The reader can't helped but be pulled into the lives of these enchanting yet normal women.

The first story in the collection, Good Buys, delightfully transports the reader to 1979 in the UK.

The story follows a widow and her two daughters travelling to India and an unexpected stopover in Kabul where the younger daughter receives a surprise marriage proposal in exchange for 12 camels. Her older sister responds, “You will have to make a better offer. My sister is not very good at cooking and cleaning, but as you said, she looks like a film actress. I will need a lot more than twelve camels and I will need to inspect them first.”

Author Ranjit Kaur goes on to present a panoramic social history of the lives our mothers and grandmothers lived intertwined with themes of self-fulfilment and empowerment.

The dancing Maharani herself gains a sense of validation after finally being allowed to dance in public at the age of eighty.

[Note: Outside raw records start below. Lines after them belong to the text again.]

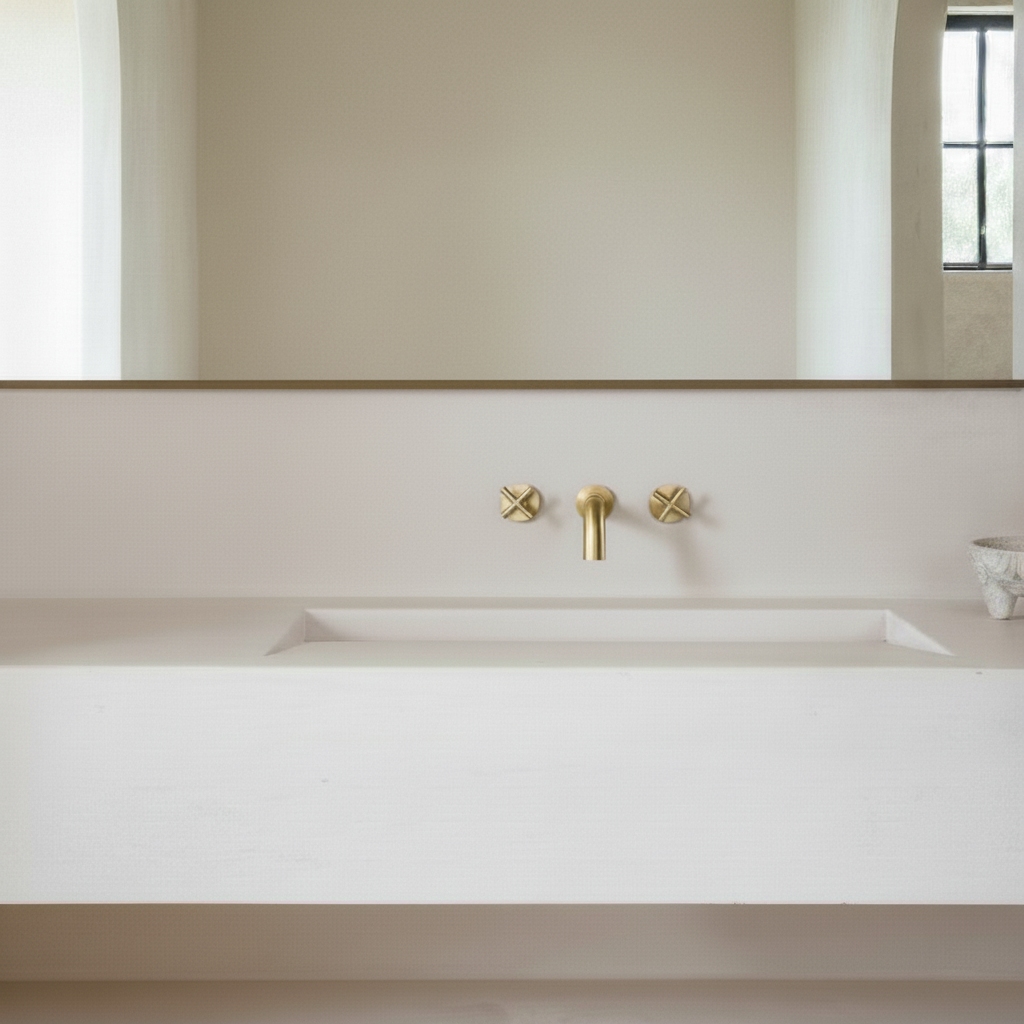 Doté de deux poignées croisées pour un contrôle précis de la température et du débit, ce robinet est idéal pour les vasques encastrées ou les plans de toilette en béton, marbre ou céramique.
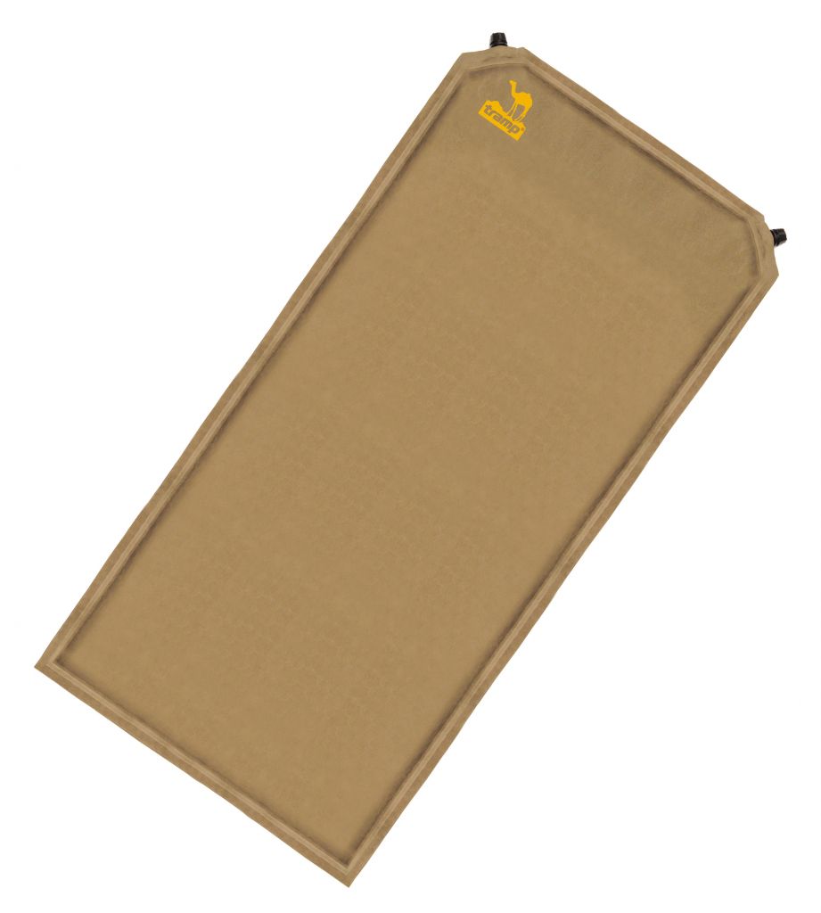 Коврик самонадувающийся Tramp TRI-011 - самонадувающийся коврик новой сверхкомортной серии. Материал верхнего слоя ковров данной серии выполнен из тканой замши, это не позволит спальнику сползать с ковра и обеспечит дополнительную мягкость, сохраняя тепло вашего тела. Структура низа ковра - SlidesLess (точечное гелеобразное нанесение) не даст ему скользить по дну палатки при расположении на наклонных поверхностях. В комплекте тканевый чехол и стягивающие ремни.
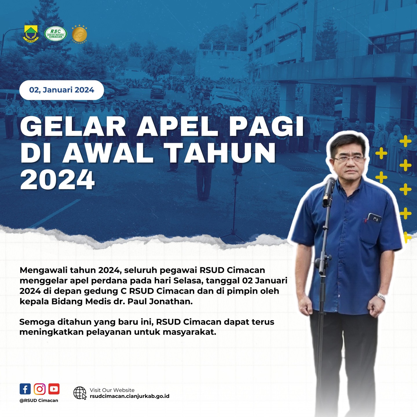 Mengawali awal Tahun 2024, RSUD Cimacan Kabupaten Cianjur melaksanakan Apel Pagi yang dipimpin oleh Kepala Bidang Bidang...
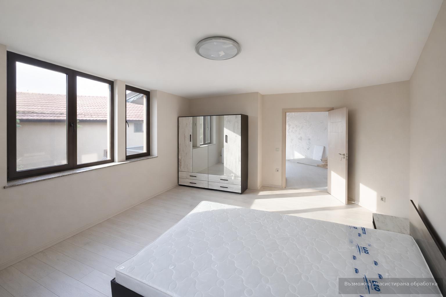 Жилището се предлага напълно обзаведено и оборудвано с всичко необходимо за едно домакинство. Към него има собствен двор и осигурени паркоместа пред къщата.

There’s the delightful story of the women who indulge in whiskey and parathas in the clandestine safety of a local sauna. Kaur mentions that, like many of our mothers and their social circles, “They were unlikely friends, but the UK did funny things to entrenched Indian stereotypes.”

One can only marvel admiringly when reading the various sensitive depictions of relationships between women, be they friends, sisters or mothers and daughters.  

In the story, The Tiger in the Trunk, the daughter of the protagonist says, “My mother is at pains to point out that it is against her religion to tell lies. However, she asserts that it is part of the makeup of every Indian woman to add masala to a story.”

It's utterly enchanting how her sentiments resonate.

Throughout the book there are comments made that we can all relate such as this scathing gem from a matriarch to her daughter-in-law, which is every mother’s nightmare, “Did your parents not teach you anything?”

When one man peremptorily ends an argument with the very telling statement, “This is the problem with your kind. You may be aristocracy in India, but here you are nothing,” the second generation south Asian reader nods internally knowing exactly why this is being said.

Each story in the collection is an engrossing portrait of the women's lives, vivaciously written and powerfully evoked.

The Dancing Maharani is relevant, entertaining and most certainly a book to cherish.

The Dancing Maharani By Ranjit Kaur was published 15 June 2019 is available at all good bookshops and online outlets in paperback and ebook.